==== TASK MATERIAL ====
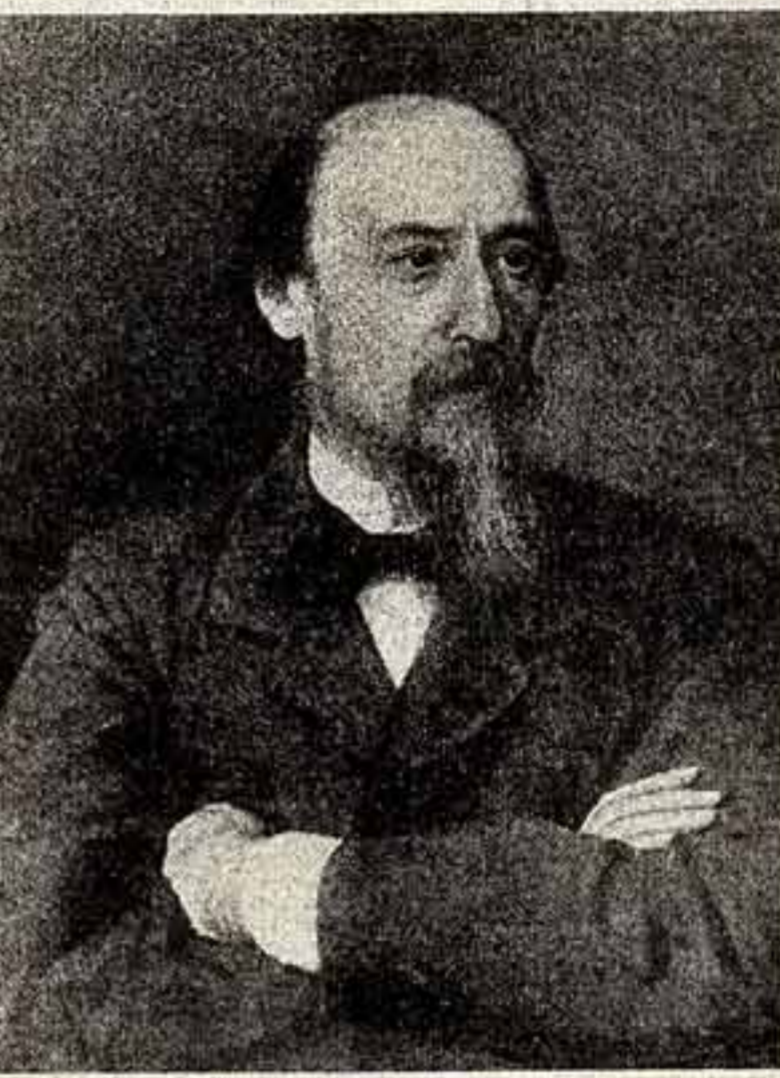
150 лет со дня рождения Н. А. Некрасова

рода, за социалистическое воспитание людей, особенно молодежи, за безопасность России. Соответственно мы должны объективно оценивать потребности общества на данном этапе, вовремя найти наилучшее решение назревших проблем, способ продвигаясь вперед, преодолевать возникающие трудности, пути и формы наиболее быстрого движения вперед — все эти задачи ложатся на правящие коммунистические партии. Задача эти, товарищи, не легкие, но и не невозможные. Даже крайне сложными является само дело построения принципиально нового общества. И решить их можно только на основе великого марксистско-ленинского учения, исходя из проверенных жизнью закономерностей социализма, творчески применяя и развивая революционную теорию в условиях своей страны, опираясь на поддержку всех трудящихся, идя в едином боевом строю с братскими странами социализма.
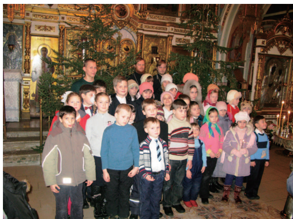
Редактор, верстка - Александр Скороходов Художник - Наталья Тимофеева

Вопросы и пожелания направлять по адресу: prihod@spas-andreevka.ru Примите не использовать газету в бытовых целях и не выбрасывать. Лучше верните ее в храм или отдайте тому, кому она может оказаться душеполезной.
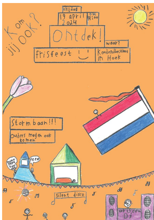
Poster ontworpen door Maud Dekker groep 8
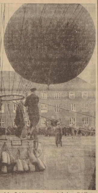
Die Ballone warten auf den Befehl zum Start.

Am 2. Dez. und am 3. Dez. wurde ein Ballonverfolgungsfahrt vom Meißelgange aus in der unter recht schwierigen Bedingungen durchgeführt. Die Ballone mußten wegen der am Sonntag herrschenden fahlen Witterungsverhältnisse eine Erhöhbung der Ballonhöhe in die Höhe bringen, um die Ballone in der Start der beiden Ballone „Nordost“-Bremen und „Nordost“-Bremen beschreiben zu können. Die Ballone wurden nach dem Start auf die Suche geschickt, wobei es dann dem Führer überlassen blieb, ob er eine genauere Ballonverfolgung und anderer Untersuchungen die Ballone auszuwählen. Im letzten Augenblick wurde die Ballonhöhe in die Höhe gebracht, um die Ballone in der Start der beiden Ballone „Nordost“-Bremen und „Nordost“-Bremen beschreiben zu können. Die Ballone wurden nach dem Start auf die Suche geschickt, wobei es dann dem Führer überlassen blieb, ob er eine genauere Ballonverfolgung und anderer Untersuchungen die Ballone auszuwählen. Im letzten Augenblick wurde die Ballonhöhe in die Höhe gebracht, um die Ballone in der Start der beiden Ballone „Nordost“-Bremen und „Nordost“-Bremen beschreiben zu können.
====
THE PROBLEM — When you reach the line with "Poster ontworpen door Maud Dekker groep 8" in the records above, start writing out each line exactly, and stop after the line with "Die Ballone warten auf den Befehl zum Start.". Pictures stay out.

EXERCISE ANSWER —
Poster ontworpen door Maud Dekker groep 8
Die Ballone warten auf den Befehl zum Start.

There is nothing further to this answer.